M. Potier, qui ne me perdait pas de vue, me guidait: «La petite porte de la cour est-elle fermée?—Non, monsieur.—Les cochons vont sortir, ils suivront le cours de l'eau!»
Je me suis mis à traverser la cour, dans l'eau qui était maîtresse de mes forces; je n'arrive pas assez à temps. Voilà un des cochons qui enfile la porte, et suit le courant. M. Potier qui s'aperçoit que j'ai un déserteur de parti, court à l'angle de sa maison, me crie: «Prenez votre bidet et tâchez de gagner le devant.» Je cours à l'écurie, mets le bridon à mon bidet, et fais jaillir l'eau pour rattraper mon déserteur. M. Potier me crie: «Doucement! appuyez à droite.»
Ses paroles se perdent. Je prends trop à gauche; je me plonge dans un trou où l'on avait amorti de la chaux. Du même bond, mon cheval me sort du trou. Je ne voyais plus. Comme je tenais mon cheval ferme de la main droite, je m'essuyai la figure et poursuivis ma bête, qui filait dans les prés. Enfin, en luttant contre l'eau, je gagne le devant de mon cochon; lorsqu'il eut le nez tourné du côté de la maison, il revient comme je le désirais. Arrivé dans la cour, je lâche mon bidet, bien transi de froid. Mes maîtres m'attendaient sur le perron, et les grosses filles de regarder ce pauvre petit orphelin trempé, pâle comme la mort, mais j'avais sauvé le cochon de mon maître.
«Venez, mon ami, me disent monsieur et madame, venez vous changer.» Ils me mènent dans leur belle chambre où un bon feu était allumé, et les voilà à me déshabiller tout nu comme je suis venu au monde. «Buvez, disent-ils, ce verre de vin chaud!»
Les voilà qui m'essuient comme leur propre enfant, et m'enveloppent dans un drap.

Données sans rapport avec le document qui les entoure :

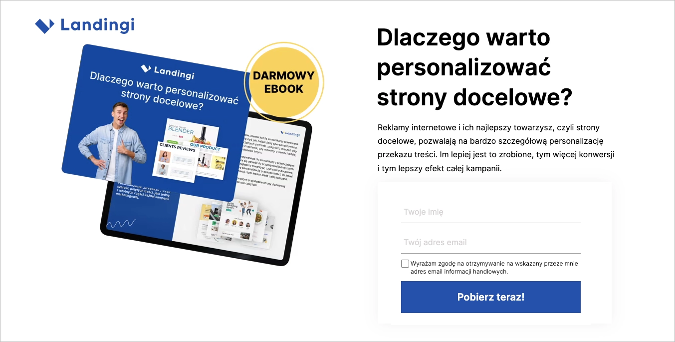 - Pojedynczy formularz opt-in – otrzymanie ebooka nie może być prostsze.

M. Potier dit à son épouse: «Ma chère amie, si tu lui donnais une de mes chemises neuves, il pourrait bien l'essayer.—Tu as raison, ce pauvre petit n'en a que deux.—Eh bien! il faut lui donner la demi-douzaine. Tiens! il faut lui payer sa bonne action: je vais lui faire cadeau du pantalon et du gilet rond que tu m'as fait faire; il sera habillé tout à neuf.—Bien, mon ami, tu me fais plaisir.»
M. Potier me dit: «Vous gagnerez dix-huit francs par mois et les profits: trois francs par cheval.—Monsieur et madame, combien je vous remercie!—Si vous vous étiez noyé en sauvant notre cochon! Vous avez mérité cette récompense.»
Je me vois habillé comme le maître de la maison. Dieu! que j'étais fier!
Je n'étais plus le petit Morvandiau.
Comme ils se prêtaient à m'habiller, je dis: «Mais, monsieur, il ne faut pas m'habiller. Et les chevaux! et les cochons! Il faut je retourne à mon poste, mes habits seraient perdus.—Tu as raison, mon enfant.»
Ils vont chercher des vêtements à leur neveu et me voilà en petite tenue. Je me trouvais seul, le garçon d'écurie était à la ville et les garde-moulins ne voulaient pas se mettre les pieds à l'eau. On me donne un grand verre de vin de Bourgogne bien sucré, et je me remets à l'eau. Je donne le foin aux chevaux. Je bloque mes dix-huit cochons dans une écurie qui était vide. Pour cela je prends une grande perche et poursuis tous mes gaillards devant moi, et finis par être le maître. Je peux dire que j'ai barboté deux heures ce jour-là. Le soir, l'eau avait disparu et les charretiers arrivent de toutes parts. Et moi de rentrer à la maison, de changer de tout et de me coucher de suite. Le vin sucré me fit dormir; le lendemain je n'y pensais plus.
Monsieur et madame me firent demander de venir et m'emmenèrent dans leur chambre; ils m'habillèrent tout à neuf. Après le déjeuner, M. Potier dit au garçon d'écurie: «Selle nos bidets!» Et nous voilà partis pour voir des gros fermiers et acheter des blés. Mon maître fit des affaires pour dix mille francs, et nous fûmes traités en amis. Sans doute que M. Potier avait parlé à ces gros fermiers; on me fit beaucoup d'amitiés, et je fus mis à table près de mon maître.